Your Kids Are Cold (Or They "Aren't Cold" And They Are Liars)
One of two things will happen when you go outside in the snow with your kids: They will repeatedly tell you how freezing cold they are, despite the fact that you've taken all the anti-frostbite precautions and covered their bodies thoroughly. They will say this accusingly, like you have some control over the weather, or that you made it cold outside specifically to upset them. Or, if they want to play in the snow (aka, make sure they're as soaked as possible before running back into your house), they'll repeatedly assure you that they are not cold, which is a lie. It's a lie that would end in frostbite if they had their way.

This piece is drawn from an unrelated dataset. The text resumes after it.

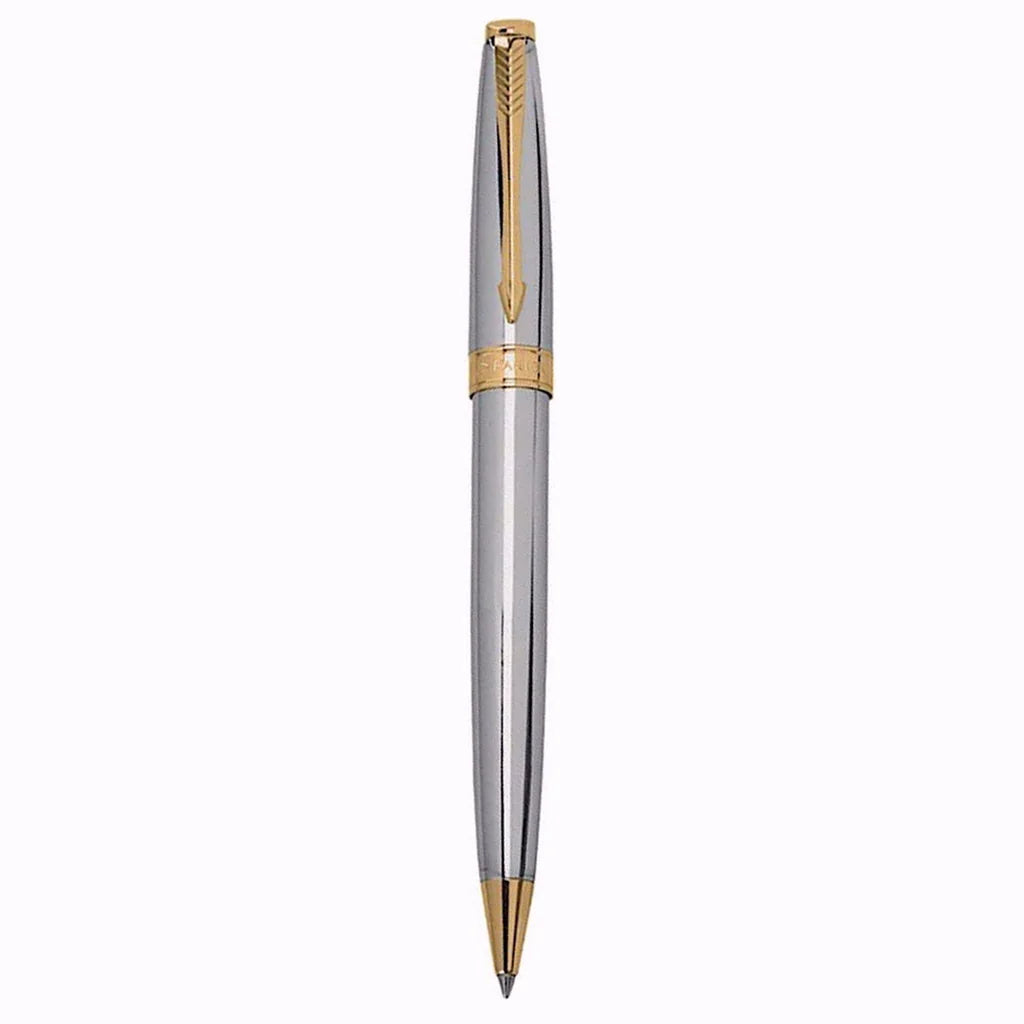 PARKER, Gift Set - Ballpoint Pen + Notebook | Fusion Shiny Chrome | Gold Trim.

It Isn't Ending Anytime Soon
Sure, there are some days when it's snowing a lot, or not at all; sometimes a bit of it melts, but in general, if you live in a part of the country where snow is more than one day of overreaction, the worst part of all of this is that is goes on, and on, forever, until the end of time. Once the first snow falls, you will never again be able to leave with house without fighting a tiny war with your child about the need for a hat; you will never again be able to come home without bringing gross snow into the spaces you once freely walked barefoot in. It's going to last forever. This is your life now, permanently, until you die. No, you're being dramatic. No, YOU don't understand "how seasons work."
Under Those Layers Is A Smelly Kid
Fun biology fact: Cold doesn't stop sweat. Your sweet little friend's face might be icy and rosy and adorable while you're out in the snow, but as soon as they've trudged their bodies, covered in pounds of extra clothing, through the heavy snow, and finally made it inside, those layers will peel off to reveal a very stinky kid under there. It's fine. Humans are gross. Snow is hell. It's all good. You'll get through it together.